Department of Psychiatry, Center for Rural and Community Behavioral Health, University of New Mexico, Albuquerque, NM 87131-0001, USA.
Child Adolesc Psychiatr Clin N Am. 2010 Jan;19(1):149-62; table of contents. doi: 10.1016/j.chc.2009.08.005.
Because the majority of children with mental health needs are most likely to receive treatment in a school setting, there is a long history of linking child and adolescent psychiatrists to schools. Psychiatrists traditionally have been involved in assessing, diagnosing, and treating the severely mentally ill or consulting with school-based providers. With no end in sight to the dearth of child and adolescent psychiatrists, not to mention child and adolescent behavioral health providers in other disciplines, this role has been broadened in recent years by several programs in which the child and adolescent psychiatrist provides flexible, population-based, systemic, and context-specific approaches to working in schools. In this article, the authors first review some of the traditional roles for child and adolescent psychiatrists working in school mental health settings. Then 2 national programs are highlighted, which successfully integrate psychiatrist trainees into comprehensive school mental health programs. The theoretical approach to a specific community-oriented, strengths-based model for school mental health support used in New Mexico by the University of New Mexico (UNM) Psychiatry Department's Center for Rural and Community Behavioral Health school telepsychiatry program, which supports rural and frontier school mental health programs and school-based health centers, is discussed in detail. The UNM model involves a strength-and resiliency-based collaboration between the child and adolescent psychiatrist, students, families, educators, and those who support them.
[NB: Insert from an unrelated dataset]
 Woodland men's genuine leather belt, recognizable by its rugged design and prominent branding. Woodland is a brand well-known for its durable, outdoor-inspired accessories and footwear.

The psychiatrist co-creates a "community of concern" and support for students, including not only customary participants such as parents, educators, and health care providers but also peers, families of choice, lay professionals, community gatekeepers, and others identified by the student as critical to his or her well-being. The advantages for child and adolescent psychiatry trainees being exposed to a wider variety of potential roles working with schools are also discussed.
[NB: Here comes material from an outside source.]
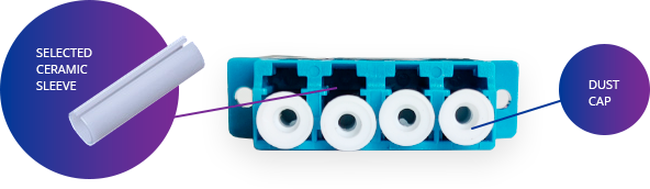 High-precision ceramic sleeves used to achieve highest precision alignment of the connectors. That ensure stable mechanical and optical connection.

由于大多数有心理健康需求的儿童最有可能在学校环境中接受治疗,因此儿童和青少年精神病医生与学校联系的历史由来已久。精神病医生传统上一直参与评估、诊断和治疗严重精神疾病,或为学校提供咨询。由于儿童和青少年精神病医生短缺,更不用说其他学科的儿童和青少年行为健康提供者,这种角色近年来已经通过几个项目得到了扩展,这些项目使儿童和青少年精神病医生能够在学校中提供灵活、基于人群、系统和具体情况的方法。在本文中,作者首先回顾了在学校心理健康环境中工作的儿童和青少年精神病医生的一些传统角色。然后,重点介绍了两个国家项目,这些项目成功地将精神科住院医师纳入综合学校心理健康计划。新墨西哥大学(UNM)精神病学系农村和社区行为健康中心学校远程精神病学计划在新墨西哥州使用的一种特定面向社区、基于优势的学校心理健康支持模式的理论方法,该模式支持农村和前沿学校心理健康计划和学校保健中心,进行了详细讨论。UNM 模式涉及儿童和青少年精神病医生、学生、家庭、教育工作者和支持他们的人员之间基于优势和适应力的合作。精神病医生共同创建了一个“关注社区”,为学生提供支持,包括不仅是父母、教育工作者和医疗保健提供者等传统参与者,还包括同龄人、选择的家庭、非专业人员、社区把关人以及学生认为对其福祉至关重要的其他人。还讨论了儿童和青少年精神病学住院医师接触更广泛的潜在学校工作角色的优势。